* SOURCE DATA *
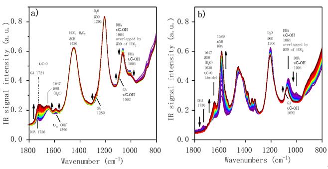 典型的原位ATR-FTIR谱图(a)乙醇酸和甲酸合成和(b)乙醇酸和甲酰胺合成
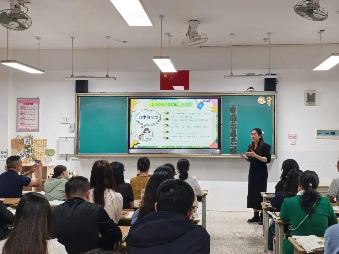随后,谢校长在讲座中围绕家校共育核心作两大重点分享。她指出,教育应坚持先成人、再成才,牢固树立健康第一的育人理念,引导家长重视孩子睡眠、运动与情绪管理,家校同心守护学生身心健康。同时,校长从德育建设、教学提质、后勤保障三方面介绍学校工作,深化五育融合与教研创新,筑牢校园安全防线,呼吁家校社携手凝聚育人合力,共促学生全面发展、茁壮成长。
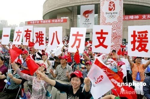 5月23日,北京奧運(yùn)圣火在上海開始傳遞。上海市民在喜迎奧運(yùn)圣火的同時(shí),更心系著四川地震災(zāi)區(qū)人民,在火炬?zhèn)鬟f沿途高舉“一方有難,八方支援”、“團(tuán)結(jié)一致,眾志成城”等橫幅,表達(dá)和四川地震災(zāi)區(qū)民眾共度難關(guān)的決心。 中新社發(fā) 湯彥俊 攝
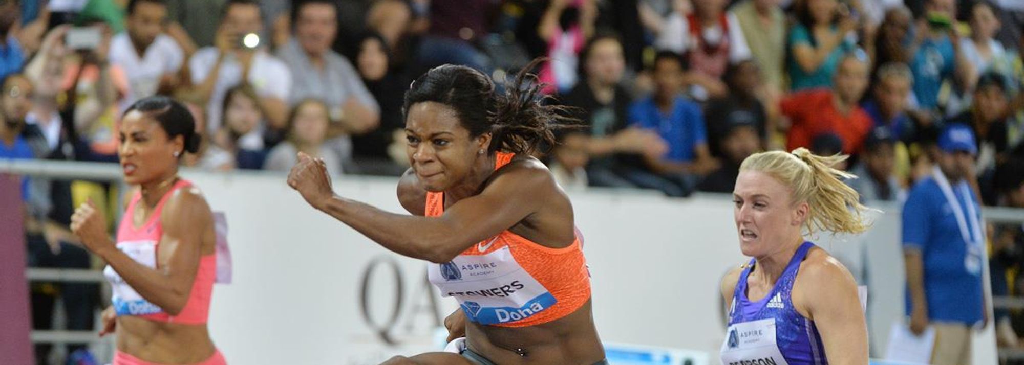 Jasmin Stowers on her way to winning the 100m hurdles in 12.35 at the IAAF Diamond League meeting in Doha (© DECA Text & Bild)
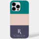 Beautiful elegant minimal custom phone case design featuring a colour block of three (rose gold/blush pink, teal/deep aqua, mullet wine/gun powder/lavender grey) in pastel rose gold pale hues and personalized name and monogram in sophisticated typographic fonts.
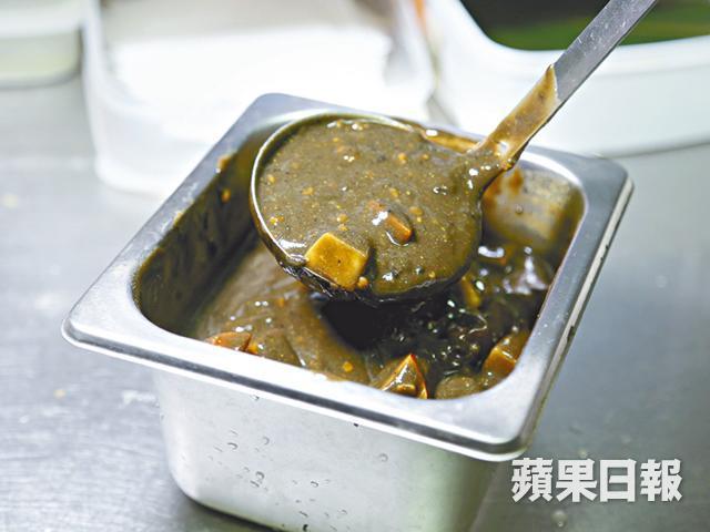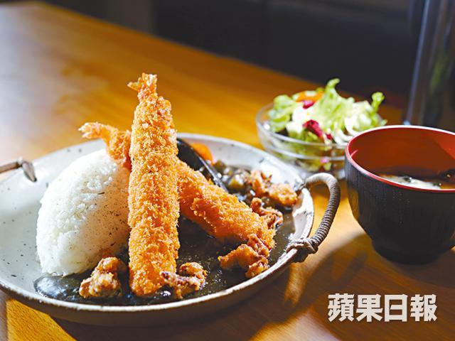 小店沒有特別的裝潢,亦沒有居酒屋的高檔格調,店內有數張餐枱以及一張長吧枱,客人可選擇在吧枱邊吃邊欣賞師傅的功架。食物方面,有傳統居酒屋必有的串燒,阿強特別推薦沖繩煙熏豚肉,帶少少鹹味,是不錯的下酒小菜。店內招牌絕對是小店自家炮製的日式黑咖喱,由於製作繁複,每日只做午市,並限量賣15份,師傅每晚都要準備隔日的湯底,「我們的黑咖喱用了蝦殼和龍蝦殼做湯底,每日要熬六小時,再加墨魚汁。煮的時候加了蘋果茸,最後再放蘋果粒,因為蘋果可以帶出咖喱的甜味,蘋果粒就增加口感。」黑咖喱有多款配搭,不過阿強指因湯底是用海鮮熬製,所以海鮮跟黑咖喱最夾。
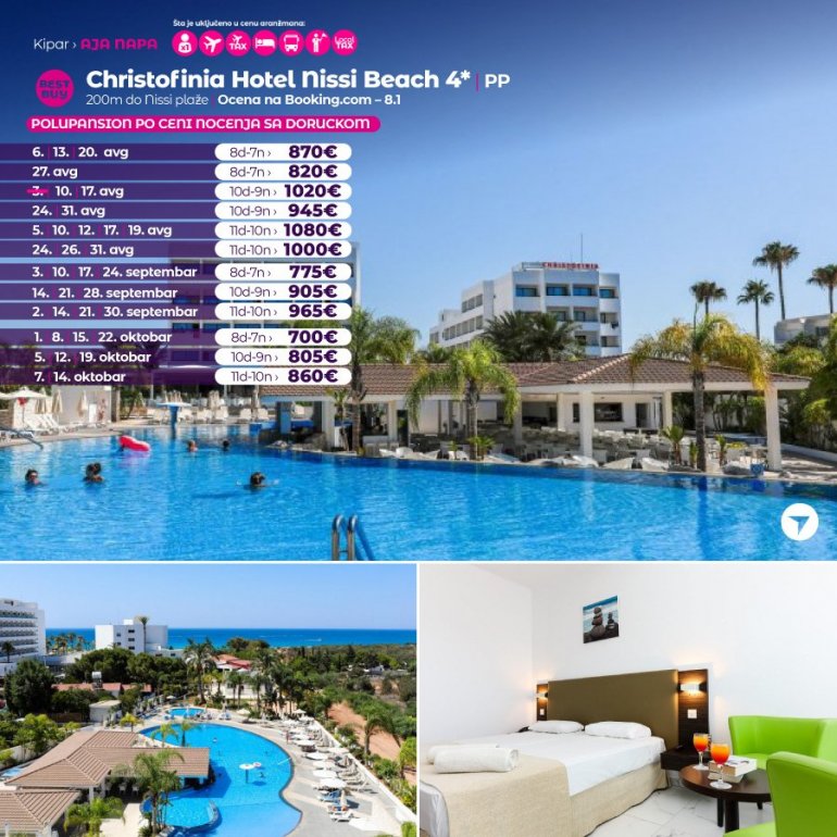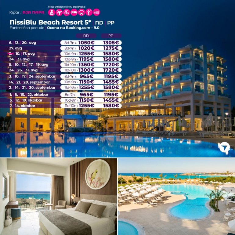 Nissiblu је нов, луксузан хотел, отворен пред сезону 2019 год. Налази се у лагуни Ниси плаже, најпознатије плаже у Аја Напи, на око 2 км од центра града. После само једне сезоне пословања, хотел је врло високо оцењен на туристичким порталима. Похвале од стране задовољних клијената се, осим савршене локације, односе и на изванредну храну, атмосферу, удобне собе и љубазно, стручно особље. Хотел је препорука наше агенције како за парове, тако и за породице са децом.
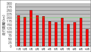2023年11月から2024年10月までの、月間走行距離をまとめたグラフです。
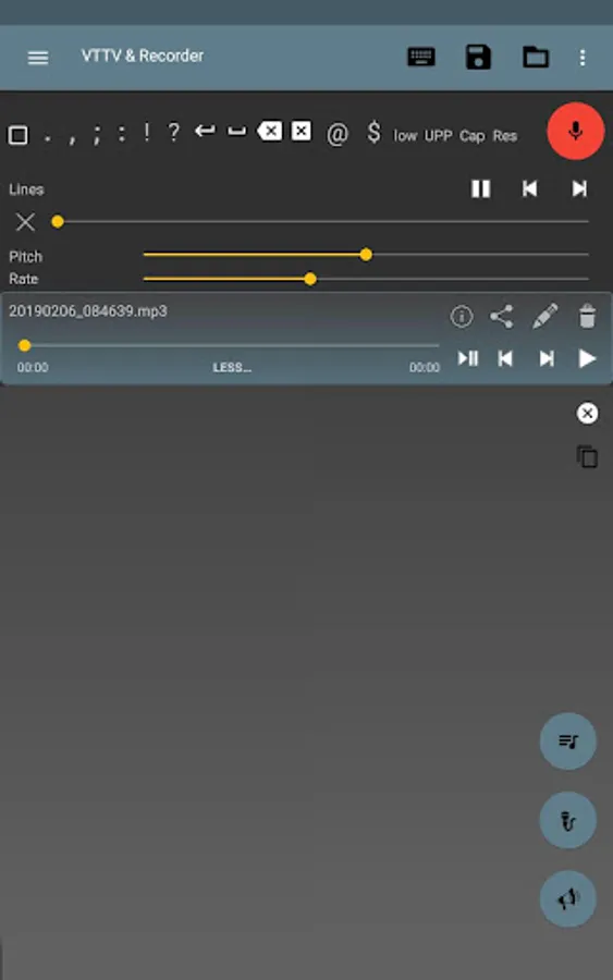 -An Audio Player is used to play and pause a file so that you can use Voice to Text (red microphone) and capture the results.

* EXERCISE REQUIREMENTS *
Print the listing exactly, minus any pictures.

* FINAL ANSWER *
 典型的原位ATR-FTIR谱图(a)乙醇酸和甲酸合成和(b)乙醇酸和甲酰胺合成
随后,谢校长在讲座中围绕家校共育核心作两大重点分享。她指出,教育应坚持先成人、再成才,牢固树立健康第一的育人理念,引导家长重视孩子睡眠、运动与情绪管理,家校同心守护学生身心健康。同时,校长从德育建设、教学提质、后勤保障三方面介绍学校工作,深化五育融合与教研创新,筑牢校园安全防线,呼吁家校社携手凝聚育人合力,共促学生全面发展、茁壮成长。
 5月23日,北京奧運(yùn)圣火在上海開始傳遞。上海市民在喜迎奧運(yùn)圣火的同時(shí),更心系著四川地震災(zāi)區(qū)人民,在火炬?zhèn)鬟f沿途高舉“一方有難,八方支援”、“團(tuán)結(jié)一致,眾志成城”等橫幅,表達(dá)和四川地震災(zāi)區(qū)民眾共度難關(guān)的決心。 中新社發(fā) 湯彥俊 攝
 Jasmin Stowers on her way to winning the 100m hurdles in 12.35 at the IAAF Diamond League meeting in Doha (© DECA Text & Bild)
 Beautiful elegant minimal custom phone case design featuring a colour block of three (rose gold/blush pink, teal/deep aqua, mullet wine/gun powder/lavender grey) in pastel rose gold pale hues and personalized name and monogram in sophisticated typographic fonts.
 小店沒有特別的裝潢,亦沒有居酒屋的高檔格調,店內有數張餐枱以及一張長吧枱,客人可選擇在吧枱邊吃邊欣賞師傅的功架。食物方面,有傳統居酒屋必有的串燒,阿強特別推薦沖繩煙熏豚肉,帶少少鹹味,是不錯的下酒小菜。店內招牌絕對是小店自家炮製的日式黑咖喱,由於製作繁複,每日只做午市,並限量賣15份,師傅每晚都要準備隔日的湯底,「我們的黑咖喱用了蝦殼和龍蝦殼做湯底,每日要熬六小時,再加墨魚汁。煮的時候加了蘋果茸,最後再放蘋果粒,因為蘋果可以帶出咖喱的甜味,蘋果粒就增加口感。」黑咖喱有多款配搭,不過阿強指因湯底是用海鮮熬製,所以海鮮跟黑咖喱最夾。
 Nissiblu је нов, луксузан хотел, отворен пред сезону 2019 год. Налази се у лагуни Ниси плаже, најпознатије плаже у Аја Напи, на око 2 км од центра града. После само једне сезоне пословања, хотел је врло високо оцењен на туристичким порталима. Похвале од стране задовољних клијената се, осим савршене локације, односе и на изванредну храну, атмосферу, удобне собе и љубазно, стручно особље. Хотел је препорука наше агенције како за парове, тако и за породице са децом.
2023年11月から2024年10月までの、月間走行距離をまとめたグラフです。
 -An Audio Player is used to play and pause a file so that you can use Voice to Text (red microphone) and capture the results.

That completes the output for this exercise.